* _RECORDS PROVIDED_:
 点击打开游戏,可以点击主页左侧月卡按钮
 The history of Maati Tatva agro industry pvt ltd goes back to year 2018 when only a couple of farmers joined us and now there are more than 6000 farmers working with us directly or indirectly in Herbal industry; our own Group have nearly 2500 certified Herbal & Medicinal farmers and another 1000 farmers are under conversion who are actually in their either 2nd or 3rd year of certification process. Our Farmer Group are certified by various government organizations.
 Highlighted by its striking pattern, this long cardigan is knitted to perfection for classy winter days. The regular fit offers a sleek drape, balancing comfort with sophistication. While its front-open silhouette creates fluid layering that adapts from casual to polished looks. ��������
--
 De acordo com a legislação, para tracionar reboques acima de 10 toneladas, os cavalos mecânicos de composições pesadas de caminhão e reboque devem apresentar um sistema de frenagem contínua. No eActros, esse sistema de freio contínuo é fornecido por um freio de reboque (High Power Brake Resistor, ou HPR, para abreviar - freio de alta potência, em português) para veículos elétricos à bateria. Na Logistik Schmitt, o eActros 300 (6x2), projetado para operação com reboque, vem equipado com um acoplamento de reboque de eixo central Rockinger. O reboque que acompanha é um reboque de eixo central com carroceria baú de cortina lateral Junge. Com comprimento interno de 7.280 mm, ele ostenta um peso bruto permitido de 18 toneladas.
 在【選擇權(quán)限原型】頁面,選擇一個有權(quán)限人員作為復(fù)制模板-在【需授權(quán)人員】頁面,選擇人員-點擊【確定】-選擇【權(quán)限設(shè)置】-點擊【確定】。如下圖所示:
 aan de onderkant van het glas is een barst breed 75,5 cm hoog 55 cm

* _PROBLEM DESCRIPTION_: Find each line in the records above that contains "with", and copy it.

* _ANSWER FOR THIS EXERCISE_:
 The history of Maati Tatva agro industry pvt ltd goes back to year 2018 when only a couple of farmers joined us and now there are more than 6000 farmers working with us directly or indirectly in Herbal industry; our own Group have nearly 2500 certified Herbal & Medicinal farmers and another 1000 farmers are under conversion who are actually in their either 2nd or 3rd year of certification process. Our Farmer Group are certified by various government organizations.
 Highlighted by its striking pattern, this long cardigan is knitted to perfection for classy winter days. The regular fit offers a sleek drape, balancing comfort with sophistication. While its front-open silhouette creates fluid layering that adapts from casual to polished looks. ��������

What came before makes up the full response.